Counter Chair / Bar Stool
Designed by Shiro Kuramata
Exclusively produced for the restaurant Ume no Ki in Akanaka
Japan, 1970s
Lacquered wood, upholstered seat
Measurements
43 × 42 × 112h cm
16,9 × 16,5 × 44h in
Seat height: 76 cm
Seat height: 29,9 in
Literature
Deyan Sudjic, Shiro Kuramata, Phaidon Press, London, 2013
Takahiko Mori, Shiro Kuramata, Seigensha, Kyoto, 2011
Provenance
Restaurant Ume no Ki in Akanaka
About
This counter chair reflects Shiro Kuramata’s ability to reduce furniture to its essential forms while maintaining a strong visual identity. Elevated through its tall and slender proportions, the design acquires an almost architectural presence, where structure and negative space become equally important components of the composition.
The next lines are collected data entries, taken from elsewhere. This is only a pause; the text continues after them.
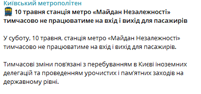 В субботу, 10 мая, в столице не будет работать одна из ключевых станций Киевского метрополитена. Речь идет о временных ограничениях в связи с торжественными мероприятиями в центре города.
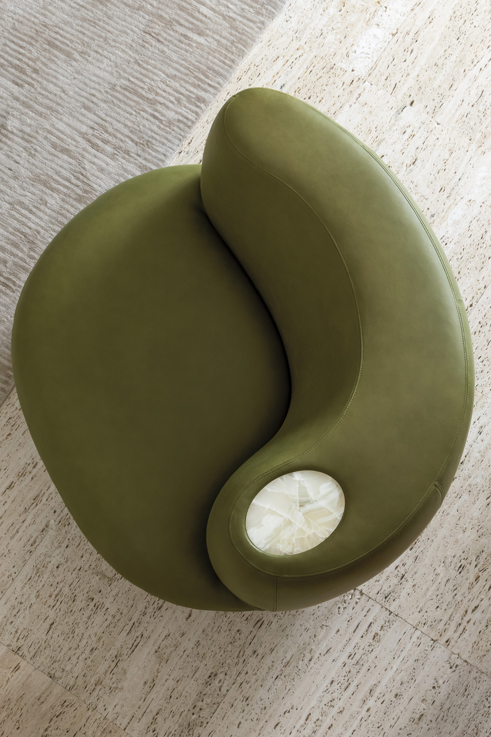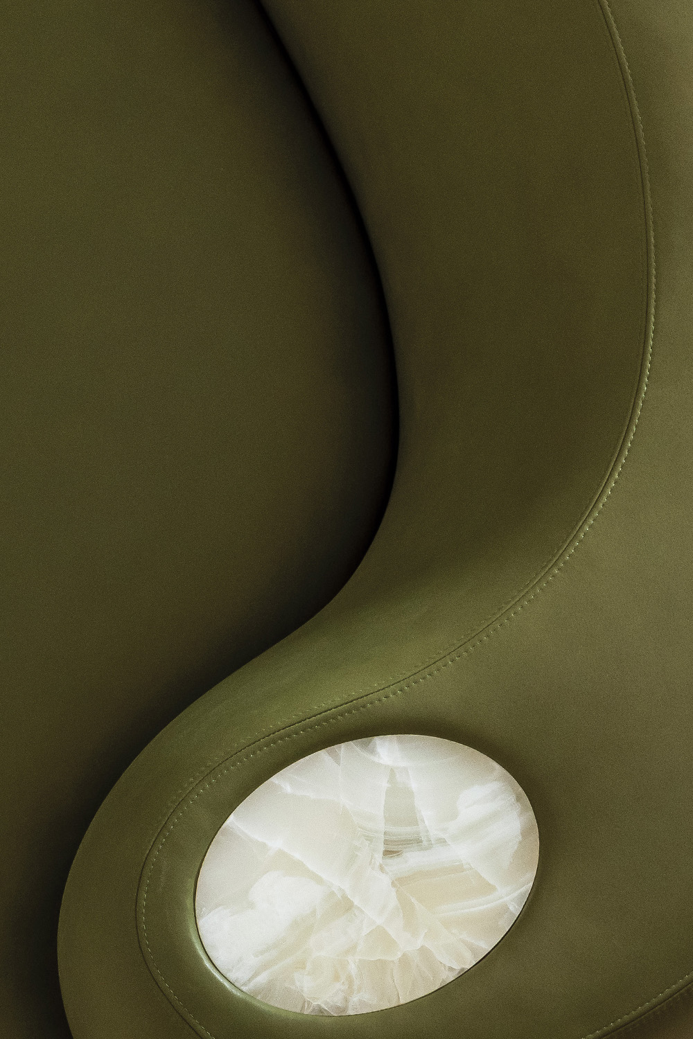 Fully upholstered in leather or fabric, Rafael stands out for its perfect balance between aesthetics and functionality, with proportions designed to offer a relaxed yet compact seat. The most iconic feature is the natural marble insert integrated into the backrest—a precious material element that enriches the structure, adding uniqueness and prestige.
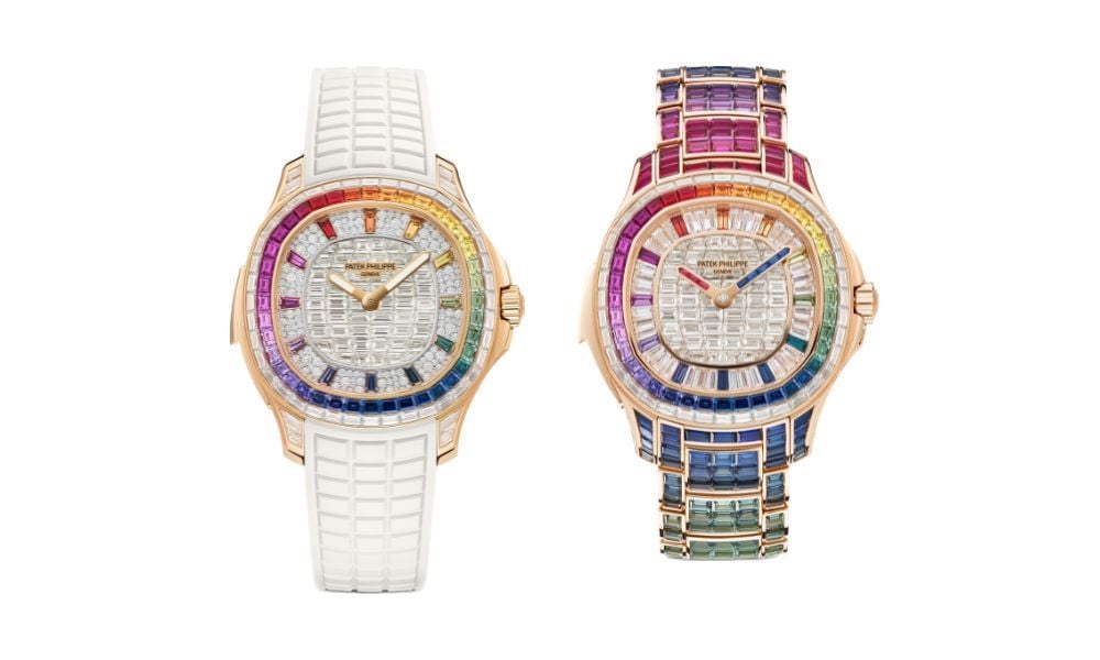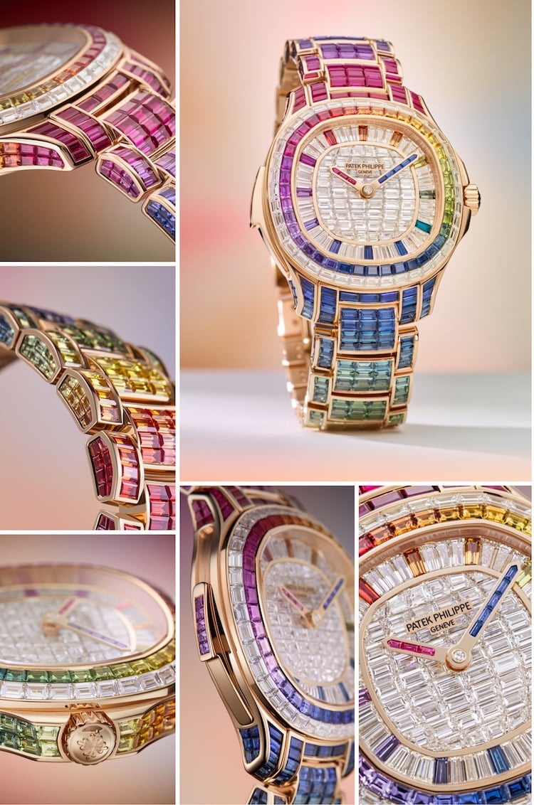 La Ref. 5260/1455R-001 esibisce invece un pavé di 130 diamanti taglio baguette sul quadrante e sulla fila esterna della lunetta e di 779 zaffiri taglio baguette multicolori che formano un arcobaleno sulla fila interna della lunetta, sui fianchi della cassa, sul cursore della ripetizione minuti e sul bracciale in oro rosa. Anche in questo caso, la leggibilità è resa ottimale da dodici zaffiri multicolori taglio baguette come indici: diamanti taglio baguette sul giro delle ore, tre rubini taglio baguette sulla lancetta dell’ora e cinque zaffiri blu taglio baguette su quella dei minuti. Nel foro del perno che regge le lancette è incastonato un diamante taglio brillante.
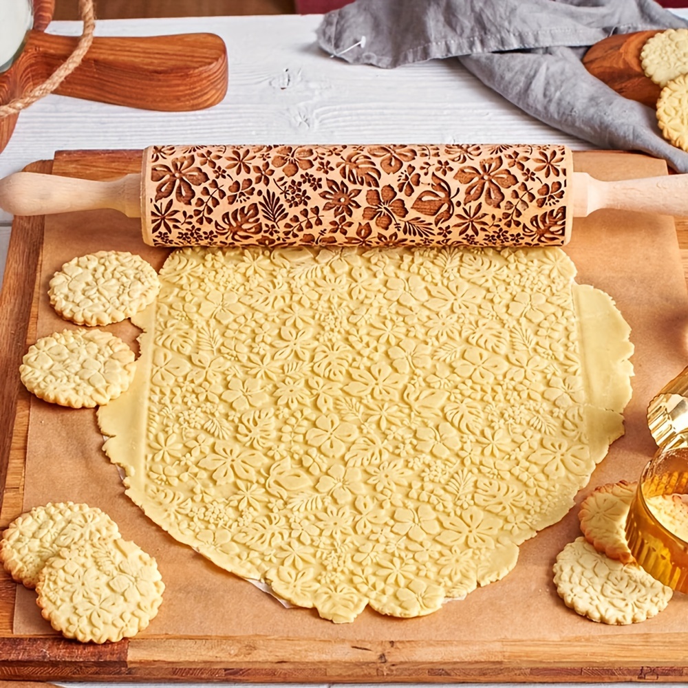 Wooden Embossing Rolling Pin for Rolling & Texturing Dough, Floral Pattern
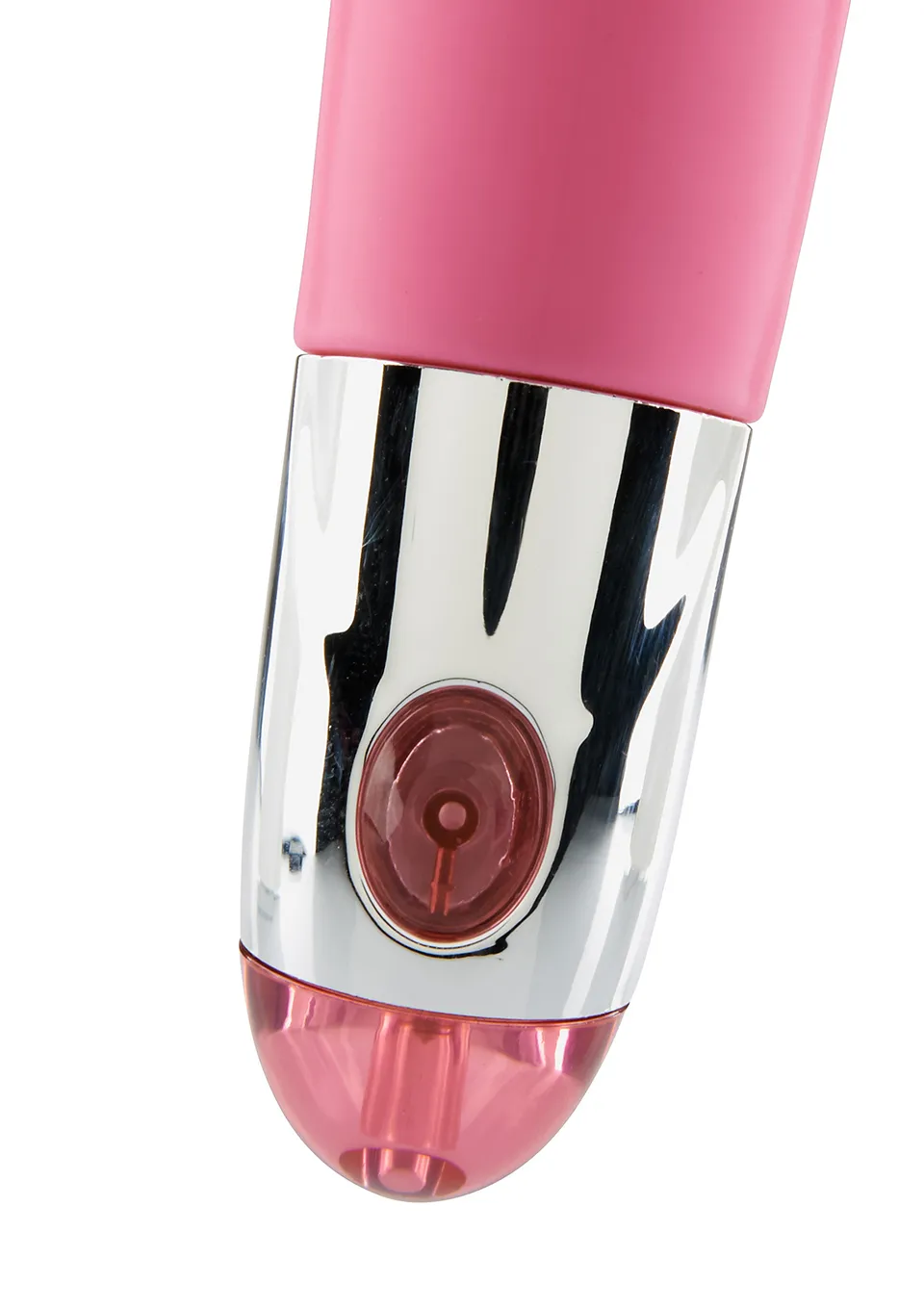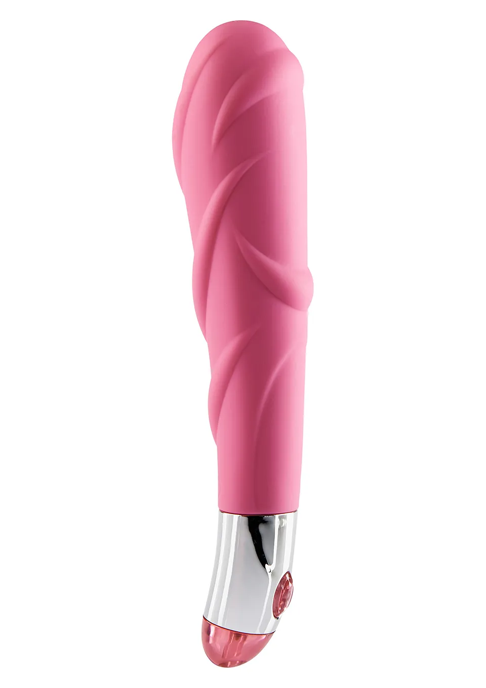 Вибростимулятор нежно розового цвета с рельефной поверхностью,расширяется к вверху. Несколько режимов работы вибрации и пульсаци,управляются с помощью кнопки ,расположенной у основания вибратора.Материал силикон- необычайно приятный на ощупь,без запаха.Работает от 2-х батареек типа ААА( не идут в комплекте) .Общая длина 18,5 см, рабочая длина 14,5 см,диаметр максимальный 3,5см.
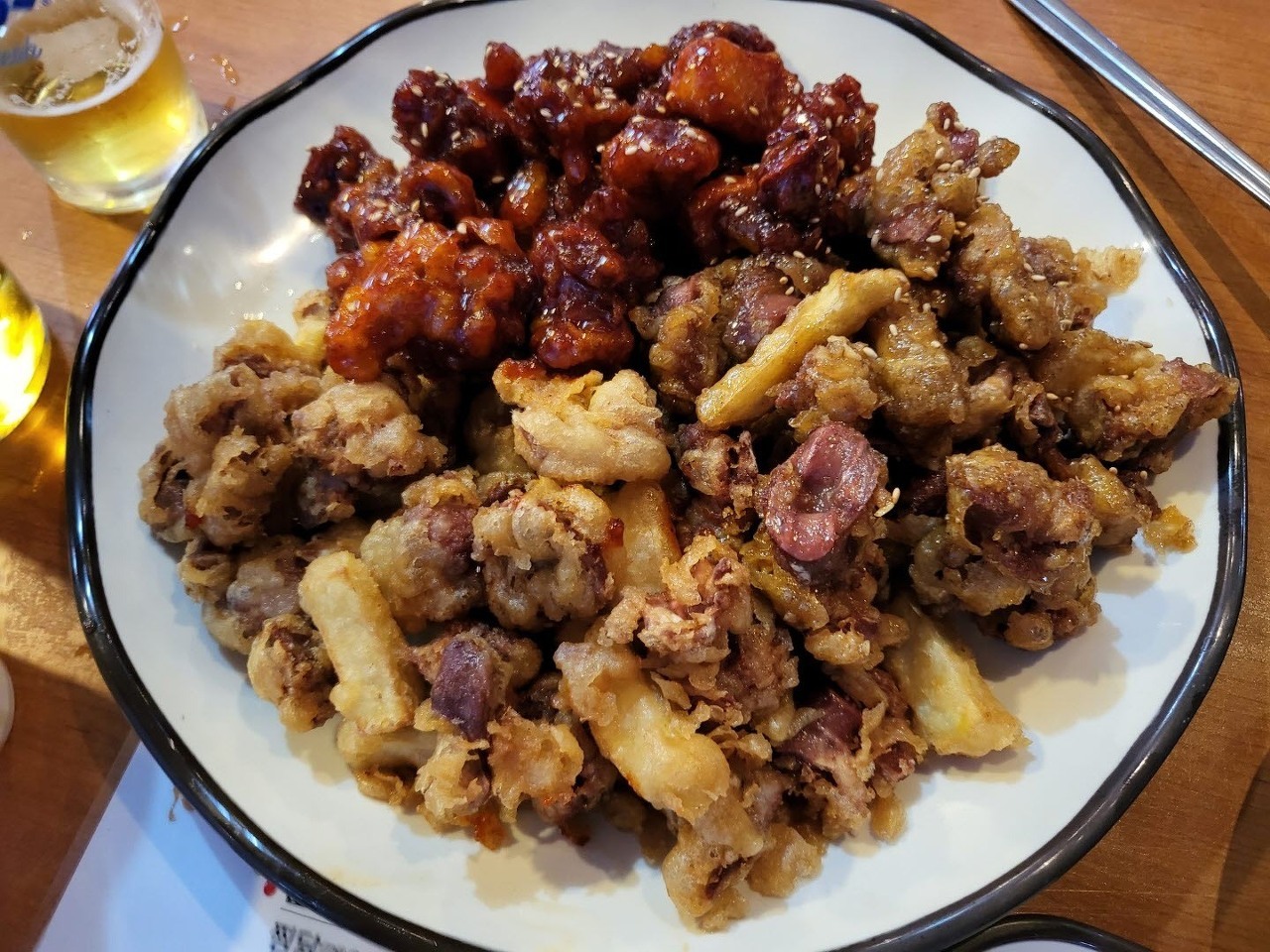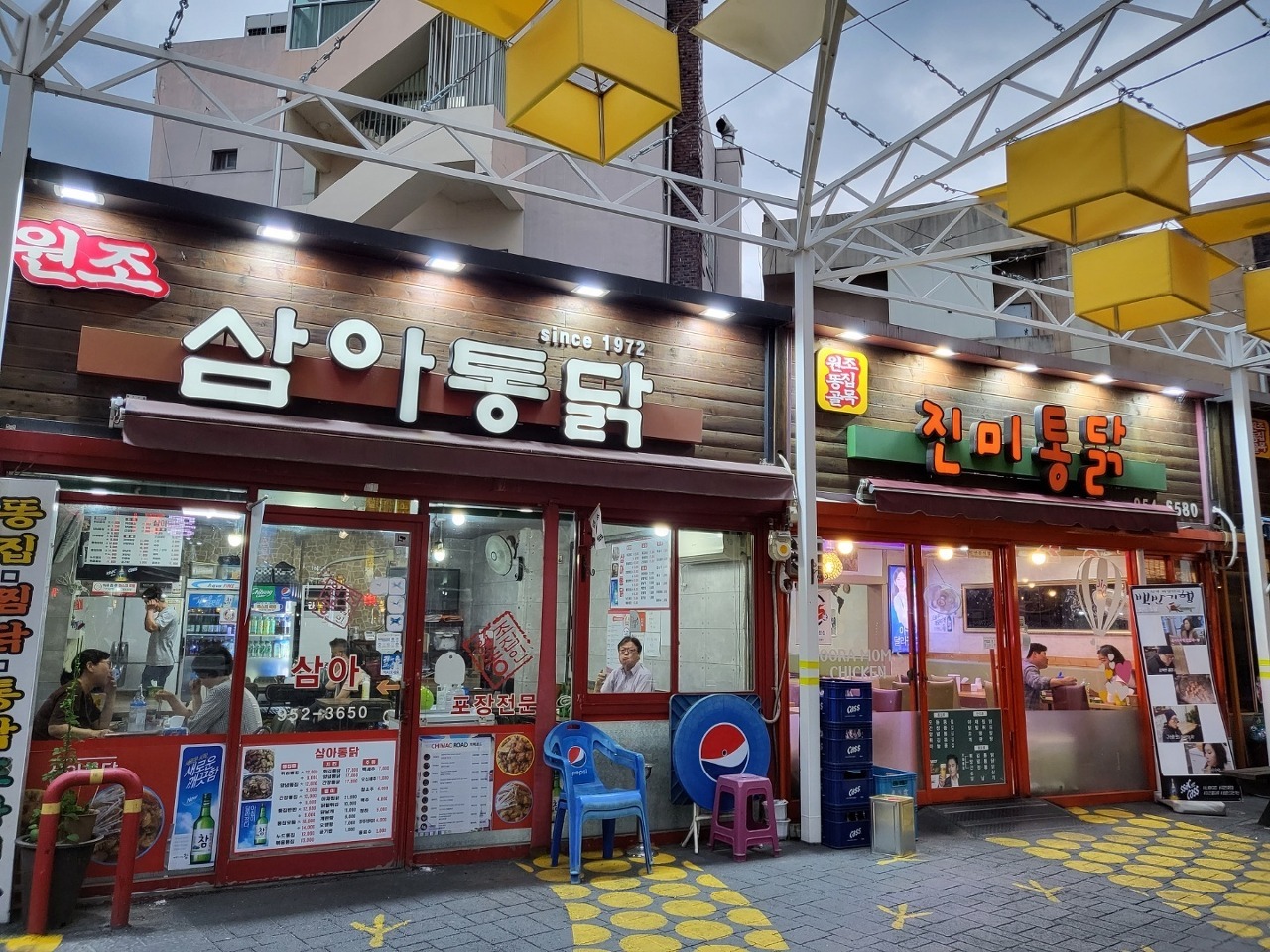 평화시장 닭똥집은 내가 원하는 닭똥집은 아니다 난 튀긴 것보다는 볶은 것을 더 좋아한다. 그 옛날 포장마차에서 판 닭똥집이 입에 익었기 때문이리라. 동대구역이 생기면서 평화시장에 이두명·나춘선 부부가 1972년 '삼아통닭' 자리에서 도계업시작한 것이 시초였다. 당시 매일 아침 인력시장이 섰고 일자리를 선택받지 못한 사람은 시장에서 낙심한 마음을 막걸리로 달했기에 버리기 아까운 닭똥집을 밀가루를 바르지 않고 그냥 튀겨서 안주로 했다. 이것이 닭똥집 골목의 시초였다. 튀긴 닭똥집을 즐기는 분들은 이쪽으로 가면 좋다. 맥주 안주로는 튀긴 것 만큼 좋은 것이 없으니깐. 똥집은 단 세가지이다. 그냥 튀김똥집, 간장튀김똥집, 양념 튀김똥집 |
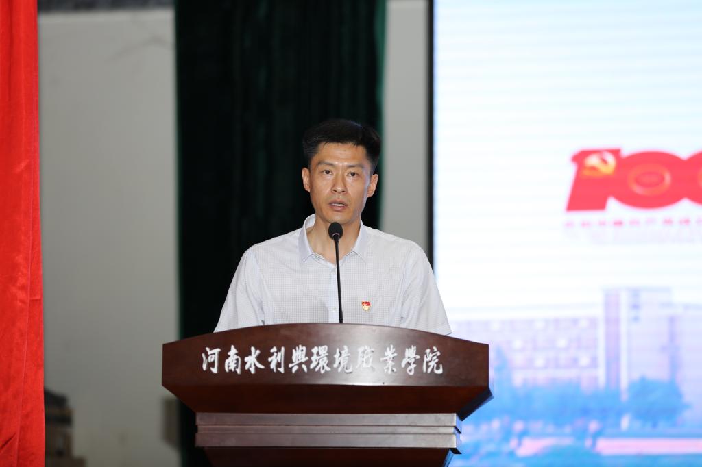 教师代表、水利工程系主任赵辰发言,希望同学们在毕业以后学会感恩和担当,规划好人生路径,传承好学校优良校风,以优异的成绩回报母校的培育、社会的希望和家长的期盼。
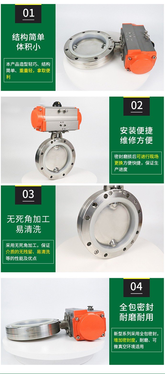 本公司生产的BFZ粉体真空蝶阀,产品材质采用不锈钢304/316L,具有重量轻、体积小、设备维护简单等特点,是一种性价比极高的气动蝶阀。产品压力0.4MPA,旋转90°开闭方便迅速,适用温度120℃内。密封形式可以采用内衬型和全包内衬型,材质采用优质硅胶、氟橡胶。连接方式可以分为法兰式和对夹式,控制方式为开关型和调节型二种。亦可以依据工况需求,配备不同的驱动设备,如手动,电动,气动。满足不同的控制要求,起到长途开关堵截或调理流量巨细等作用。广泛使用于水、气、油品、粉体等粉体介质的使用场合,可以推广应用于制药、食品、啤酒乳业、生物工程、精细化工等行业.

The backrest, defined by intersecting horizontal and vertical planes, creates a graphic rhythm that recalls modernist abstraction and Japanese spatial sensibilities. Kuramata often approached furniture not as purely utilitarian objects but as studies in perception, experimenting with how form could alter the experience of space.
Even in his earlier wooden works, before his celebrated use of acrylic and industrial materials, Kuramata demonstrated a refined understanding of geometry and proportion. The result is a piece that transcends its practical function, occupying a position between furniture and sculpture.
Its restrained language and timeless silhouette place it firmly within Kuramata’s broader design vision: one where simplicity conceals conceptual depth and where everyday objects become poetic interventions within interior space.